The exercise calls for the lines from the one containing "la ficha policial." to the end of the data below to be output exactly, pictures excluded.

INPUT MATERIAL:
══════════
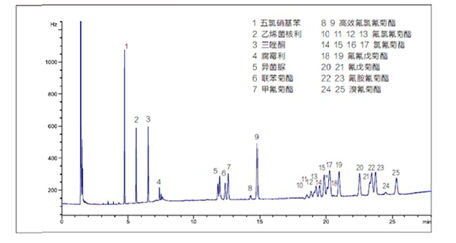 圖1 添加水平為0.2 mg/kg大米中有機氯和擬除蟲菊酯類農藥多殘留檢測色譜圖
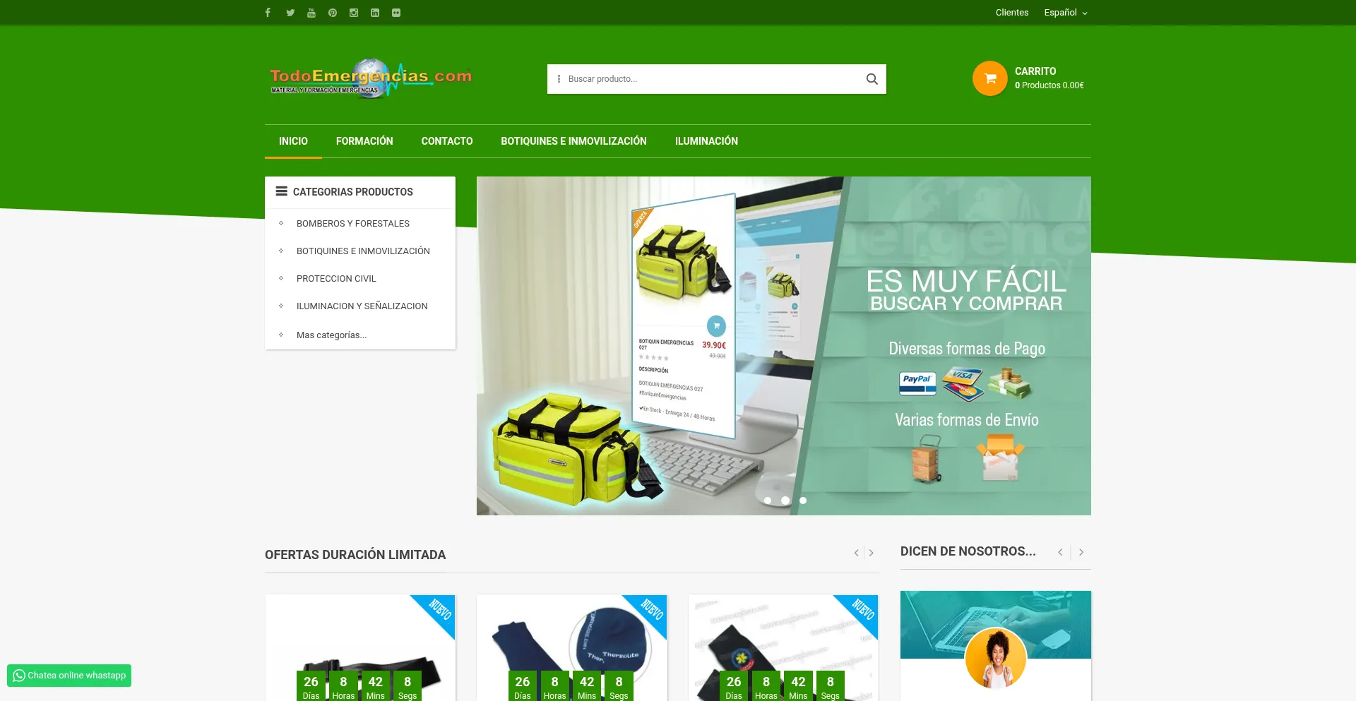 Venta online de todo tipo de material para Emergencias: Instrumental Sanitario, Botiquines de Emergencia, Material de Bomberos y Protección Civil, etc.
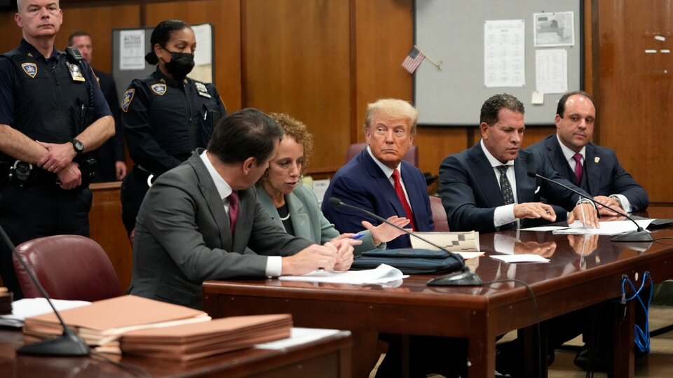 “Parece surrealista. Wow, me van a detener”, dijo Trump en su red Truth Social camino a la corte. El exmandatario se presentó ante el tribunal neoyorquino de Manhattan poco después de haberse entregado a la Fiscalía, donde le leyeron sus derechos y fue fichado. Sentado entre sus abogados, a Trump se lo vio con un semblante apagado, según una foto tomada dentro de la sala, tras someterse al protocolo habitual que incluyó toma de huellas dactilares y fotos para la ficha policial.
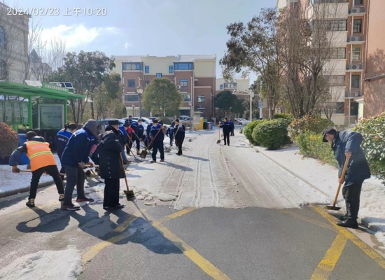 由于氣溫較低,路面的雪被壓得很結(jié)實,清掃工作十分困難,但大家都爭先恐后,干勁十足,一心想著將路面的積雪冰塊盡快清除,保證居民的正常安全出行。經(jīng)過大家的共同努力,積雪很快被清理干凈,極大地方便了居民的安全出行。掃雪除冰工作不僅為業(yè)主營造出了干凈整潔的出行環(huán)境,消除了安全隱患,提高了居民的獲得感和幸福感,也進一步拉近了與業(yè)主之間的距離。
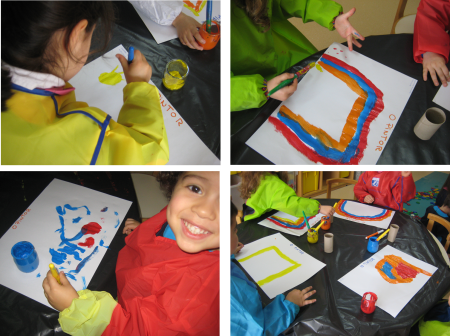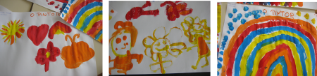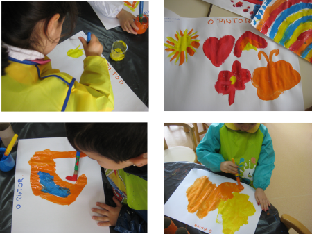 Numa outra atividade, elegemos os pincéis e as tintas como os "reis da festa". Demos largas à imaginação, criando bonitas e coloridas pinturas e, a avaliar pelos resultados finais, parece-nos que temos autênticos artistas. |
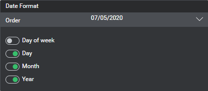 | Order | Choose between Month/Day/Year (default), Day/Month/Year, or Year/Month/Day. |
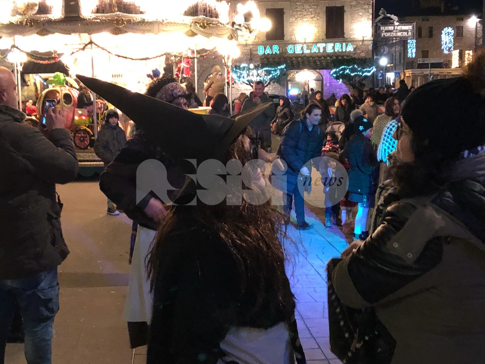 La Befana 2019 ad Assisi è arrivata domenica 6 gennaio 2019, scendendo da monti, campanili e torri. Con il parapendio si è lanciata dal Monte Subasio, ad Assisi centro è scesa dalla Torre civica di Piazza del Comune. Ovunque, la simpatica veccchietta ha portato dolcetti e caramelle. Tanti i bambini ai vari appuntamenti, accompagnati, in una bella giornata iniziata con un sole splendente, dalle proprie famiglie.
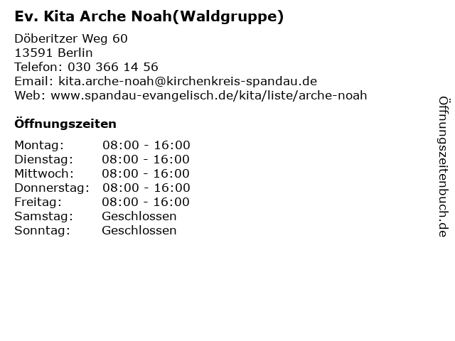 1 Ev. Kita Arche Noah - Ev. Kirchengemeinde zu Staaken (Entfernung: 1,90 km) Stieglakeweg 11, 13591 Berlin 6 Kita Cheburashka-Charlottenburg - Cheburashka gGmbH (Entfernung: 11,75 km) Mindener Str. 11, 10589 Berlin |
══════════
OUTPUT OF THE TASK:
 “Parece surrealista. Wow, me van a detener”, dijo Trump en su red Truth Social camino a la corte. El exmandatario se presentó ante el tribunal neoyorquino de Manhattan poco después de haberse entregado a la Fiscalía, donde le leyeron sus derechos y fue fichado. Sentado entre sus abogados, a Trump se lo vio con un semblante apagado, según una foto tomada dentro de la sala, tras someterse al protocolo habitual que incluyó toma de huellas dactilares y fotos para la ficha policial.
 由于氣溫較低,路面的雪被壓得很結(jié)實,清掃工作十分困難,但大家都爭先恐后,干勁十足,一心想著將路面的積雪冰塊盡快清除,保證居民的正常安全出行。經(jīng)過大家的共同努力,積雪很快被清理干凈,極大地方便了居民的安全出行。掃雪除冰工作不僅為業(yè)主營造出了干凈整潔的出行環(huán)境,消除了安全隱患,提高了居民的獲得感和幸福感,也進一步拉近了與業(yè)主之間的距離。
 Numa outra atividade, elegemos os pincéis e as tintas como os "reis da festa". Demos largas à imaginação, criando bonitas e coloridas pinturas e, a avaliar pelos resultados finais, parece-nos que temos autênticos artistas. |
 | Order | Choose between Month/Day/Year (default), Day/Month/Year, or Year/Month/Day. |
 La Befana 2019 ad Assisi è arrivata domenica 6 gennaio 2019, scendendo da monti, campanili e torri. Con il parapendio si è lanciata dal Monte Subasio, ad Assisi centro è scesa dalla Torre civica di Piazza del Comune. Ovunque, la simpatica veccchietta ha portato dolcetti e caramelle. Tanti i bambini ai vari appuntamenti, accompagnati, in una bella giornata iniziata con un sole splendente, dalle proprie famiglie.
 1 Ev. Kita Arche Noah - Ev. Kirchengemeinde zu Staaken (Entfernung: 1,90 km) Stieglakeweg 11, 13591 Berlin 6 Kita Cheburashka-Charlottenburg - Cheburashka gGmbH (Entfernung: 11,75 km) Mindener Str. 11, 10589 Berlin |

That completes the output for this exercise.